Because it began life as a developer-friendly database, in the eyes of enterprise IT MongoDB has always been guilty until proven innocent. With a successful IPO behind it, MongoDB is getting harder for enterprise IT to ignore. The latest release, MongoDB 3.6, is designed to narrow the gap further.
Today, MongoDB is announcing the makeup of the release, which will be out sometime in December. There is little surprise at the general tenor of the release, which was outlined at the company's annual user conference last June and has been in preview for months. We briefly spoke about features such as a revamped BI connector, stronger JSON document validation, and the closing of an embarrassing back door that left MongoDB instances open to the cold, cruel Internet.
But now we can fill in the details.
MongoDB has used the term "speed" to characterize its new release, as in "speed to develop," "speed to scale," and "speed to insight." By that, it means that richer features for developers and administrators, and enhanced BI connectors for analysts will help them get their jobs done faster. Admittedly, that metaphor may be a bit forced, as it could describe any new productivity enhancement. A more apropos theme is that the new release is another step in filling the gaps for features that would be expected in any enterprise database, like automatic retries for failed writes.
At the business user level, the BI Connector makes it more efficient to query by pushing those operations from the connector tier down into the database. Before this, you could only run left outer joins inside the database; in the new release, the connector takes advantage of enhancements in the aggregation pipeline to perform a wider variety of join operations. And the new release takes the next step in supporting data scientists; it already had a Python driver, and to that, it now has R covered as well.
While the new business user-oriented features might draw the spotlight, we find the developer and administrator features to be more significant in this release.
On the developer end, there is a new change-data-capture (CDC)-like feature called Change Stream that captures and streams changes from MongoDB database logs. Previously, developers would have had to write code to output real-time updates from database logs. Now, changes to MongoDB logs are available through an API that could stream real-time updates to gaming applications, dashboards, or IoT applications. It could also enable retraining of machine learning models. While Change Streams could feed a message queuing engine, this release does not (yet) support integration with Kafka (although that could be hand-coded).
The 3.6 release adds another feature that is expected of an enterprise grade database: automatic retries of writes that failed. The new Retryable Writes eliminates the need for DBAs or application developers to write code to redo failed writes. When used in conjunction with the self-healing functions supported by MongoDB's replica set feature, this could provide near-always on support for write operations. This does not mean that MongoDB has become an ACID database, but it will make the database more reliable. A related feature, causal consistency, ensures that users can read their own writes; until now, users couldn't count on that given Mongo's distributed architecture.
There's another interesting feature that extends data validation -- the assurance that each record has a consistent structure. A capability enshrined with traditional SQL databases, it has never been a strong point for JSON-based document data stores. Ironically, it's not that JSON is unstructured data -- it's quite the opposite. If anything, the structure of JSON documents is more complex than that of SQL. But for the use cases associated with JSON, like IoT data and user profiles, consistent structure has never been much in demand.

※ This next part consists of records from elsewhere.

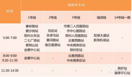 为保障赛事顺利举行,郑州地铁制定了专项运营保障方案,1号线、2号线、5号线及14号线一期提前至5:00运营,提前运营期间2号线、5号线行车间隔约10分钟;1号线5:00~7:35上线25列车,行车间隔约6分半;14号线一期11:00~16:00上线4列车,行车间隔约7分40秒。郑州地铁还将根据客流情况适时组织列车上线运营。
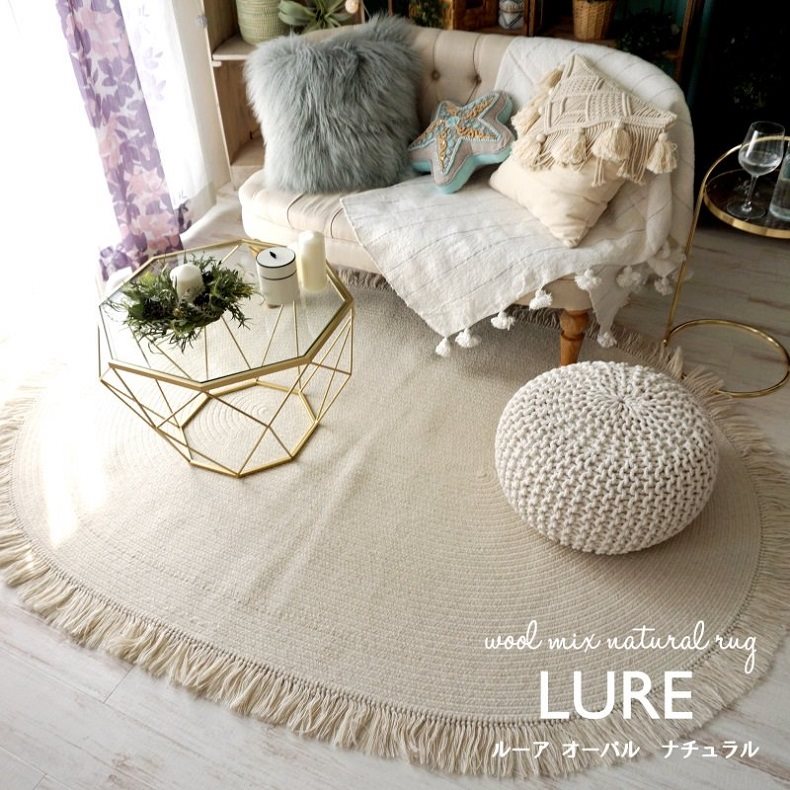 ウールミックスラグ!オールシーズンお使いいただけるウール素材使用< Lure – ルーア ナチュラル オーバル – >
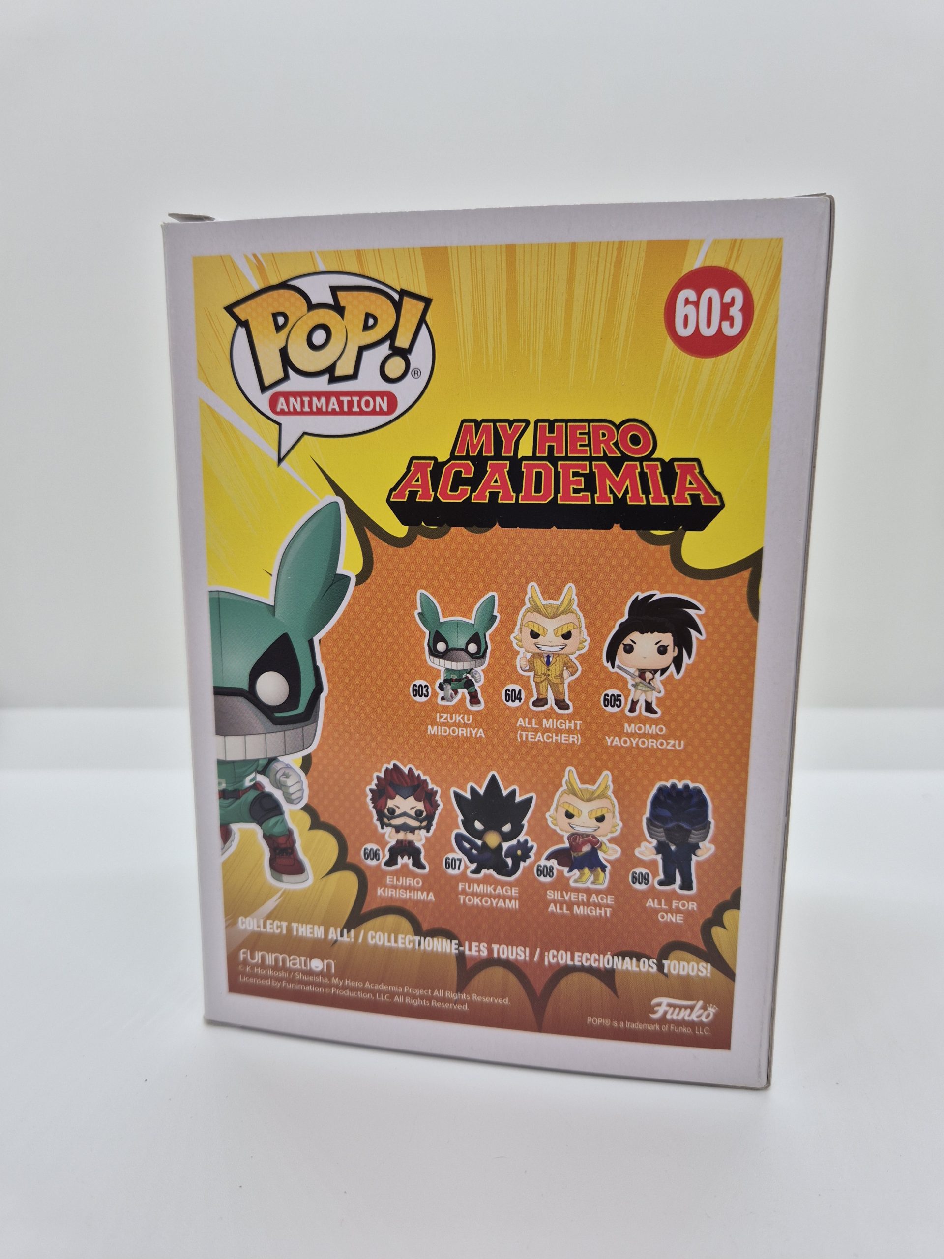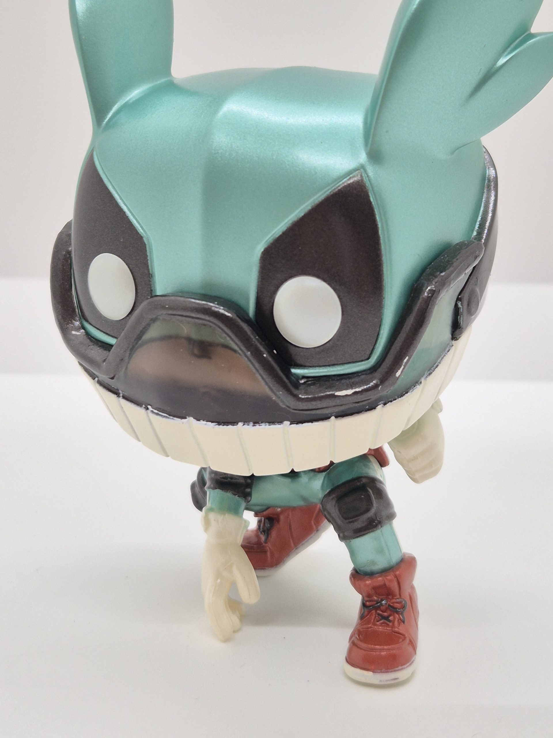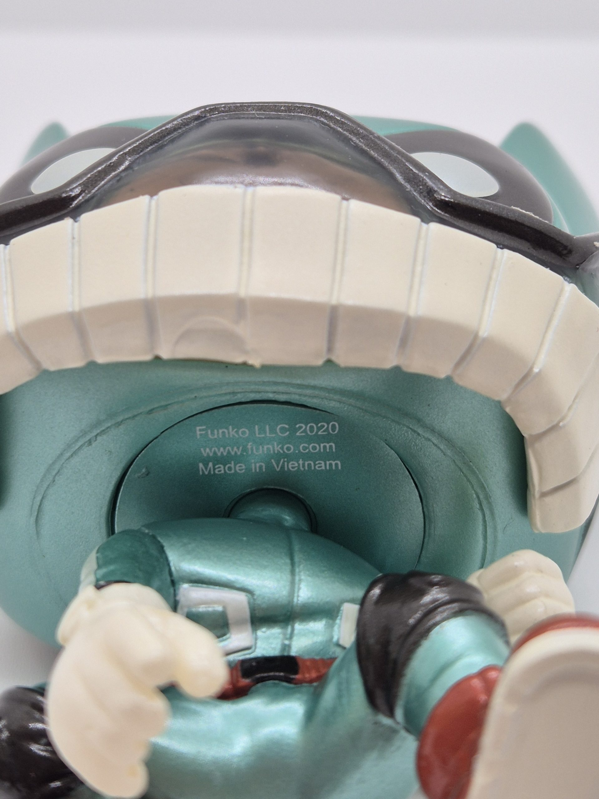 La figure mostra Izuku nel suo iconico costume da eroe, che ha evoluto nel corso della serie per adattarsi alla crescente padronanza del suo potere, il One For All. Il costume verde scuro con dettagli bianchi e neri è riprodotto con cura, compreso il copricapo che ricorda il sorriso del suo idolo, All Might, e le imbottiture protettive sui guanti e stivali. Sebbene lo stile Funko sia noto per le teste sovradimensionate e i tratti semplificati, questa versione di Midoriya riesce a mantenere l’energia e la determinazione che caratterizzano il personaggio.
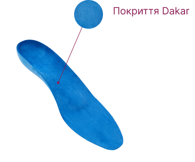Стелька имеет целостное анатомически сформированное основание из вспененного полиуретана. Этот материал обеспечивает отличную амортизацию и обладает высокими ударопоглощающими свойствами. Износостойкое покрытие стельки Dakar предотвращает скольжение стопы и впитывает влагу, что способствует поддержанию здорового микроклимата в обуви. Ярко выраженные пеллеты разгружают свод стопы, а боковые борта стабилизируют пятку и удерживают стопу в правильном положении. В отличие от обычных стельок Memopur Dakar Blue имеет более плотное основание для лучшей коррекции. Слои стельки соединяются без клея, под действием пресса и высокой температуры.
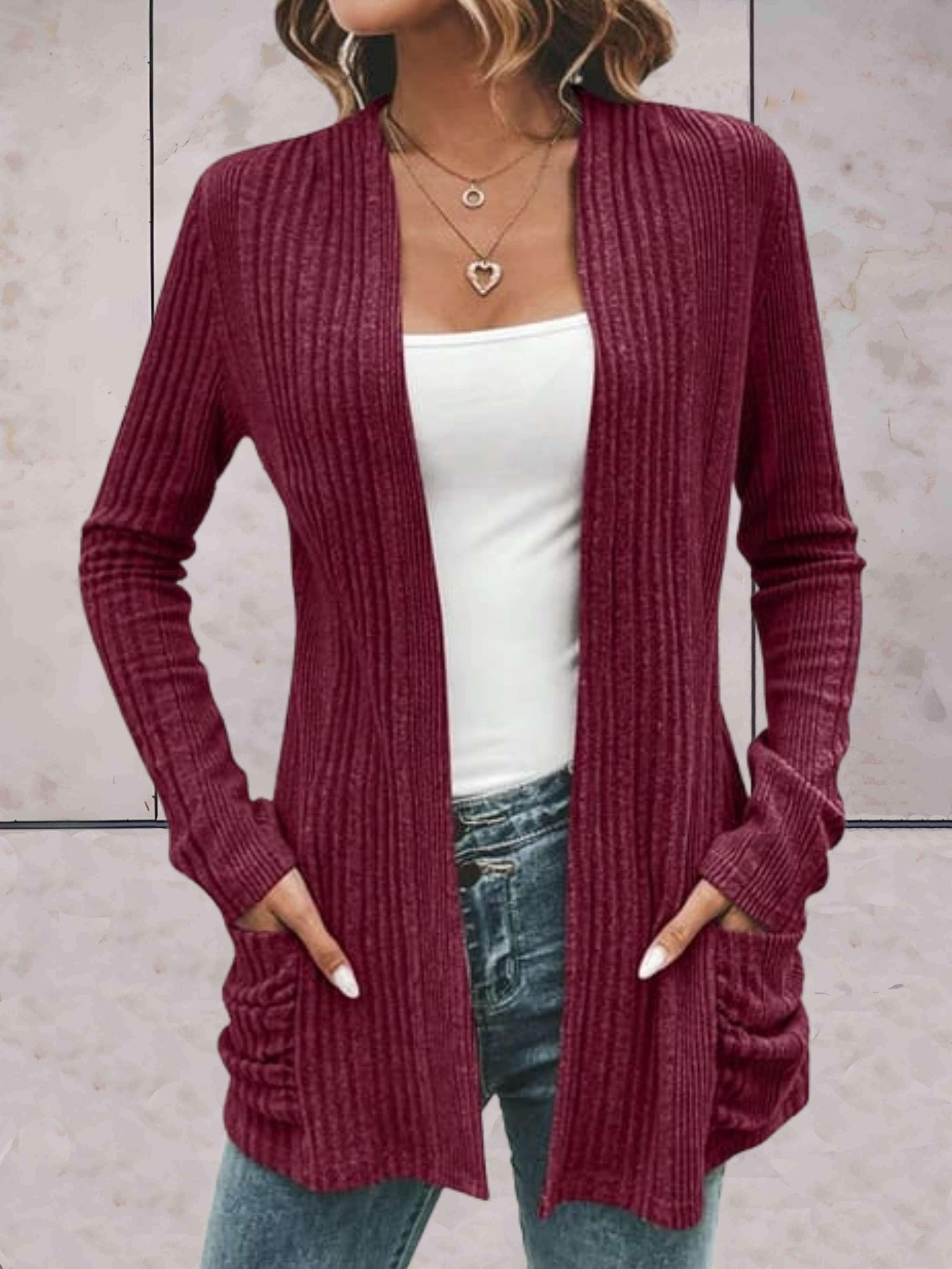Ruth | Effen gebreide trui met open voorkant en zakken
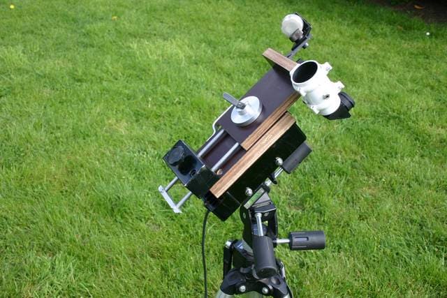 Le PhotoLynx en situation sur son pied. Allez on règle le chercheur et il reste à attendre la nuit pour faire la mise en station.
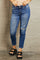These jeans feature a flattering mid-rise waistline that accentuates your curves while providing a comfortable fit. The dark wash adds a touch of sophistication, making them versatile enough to dress up or down for any occasion. The distressed detailing gives a trendy edge to your look, making these jeans a must-have in your wardrobe.
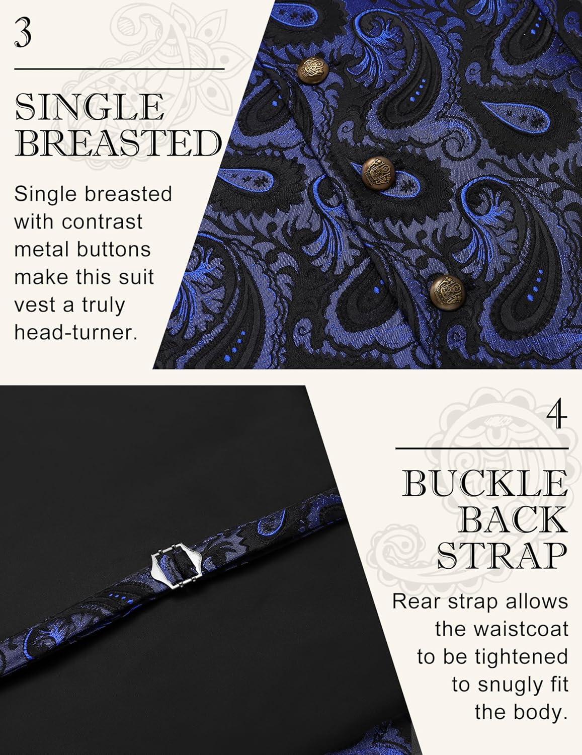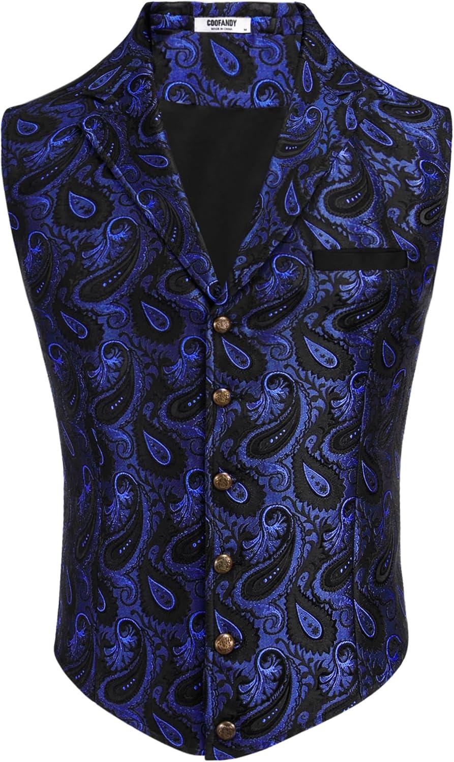 imageCOOFANDY Mens Suit Vest Paisley Floral Victorian Vests Gothic Steampunk Formal Waistcoat Tuxedo Vests with Notched LapelsBlue Paisley

As far back as MongoDB 3.2, you could validate documents within a collection, but not across an entire database. The new 3.6 version takes advantage of the new IETF JSON Schema standard to enforce validation across collections of multiple documents, and to make the controls tunable by use case. By comparison, Couchbase, a rival NoSQL document database, can infer the structure of documents in a bucket (their equivalent of a MongoDB collection) and output the results in a JSON schema format. We don't expect that all JSON database implementations are going to become strictly structured. But as some get deployed for more enterprise critical use cases that may require some degree of audit for completeness (e.g., electronic health records), such features could find some MongoDB implementations treated as systems of record.
For DBAs and admins, 3.6 provides some new goodies. Ops Manager, the management pane for MongoDB, has borrowed some features already developed for Atlas (MongoDB's managed cloud service) and Compass, the visual DBA tool. There is the Data Explorer from Atlas that exposes the schema of the database. A new real-time performance advisor flags bottlenecks and makes indexing recommendations (and with a click, those new indexes can be autogenerated). Backups can now be queried; this feature will be useful if a replica has lost some data; rather than restore all of the backups, this new feature lets you query by point in time, and then restore selectively.
A bigger question is whether this cross-fertilization of features will be the first steps towards unifying MongoDB's admin and configuration tools for on-premise and in the cloud, where the back end engine is the same, but has different skins that are exposed to DBAs, developers, and operations admins. Having a common administrative and management experience across on-prem and in the cloud is potentially a key competitive differentiator for databases (like MongoDB) born in the data center vs. cloud-native offerings like DynamoDB, Cosmos DB, and Google Cloud Datastore.
As a whole, the enhancements in 3.6 are critical for MongoDB to up its enterprise game. What's interesting however is that, compared to other databases that have reached out beyond their roots to add features such as SQL query support, MongoDB has stuck to its roots. You may see a more robust BI connector, but you're never going to mistake MongoDB for Redshift or SQL Server.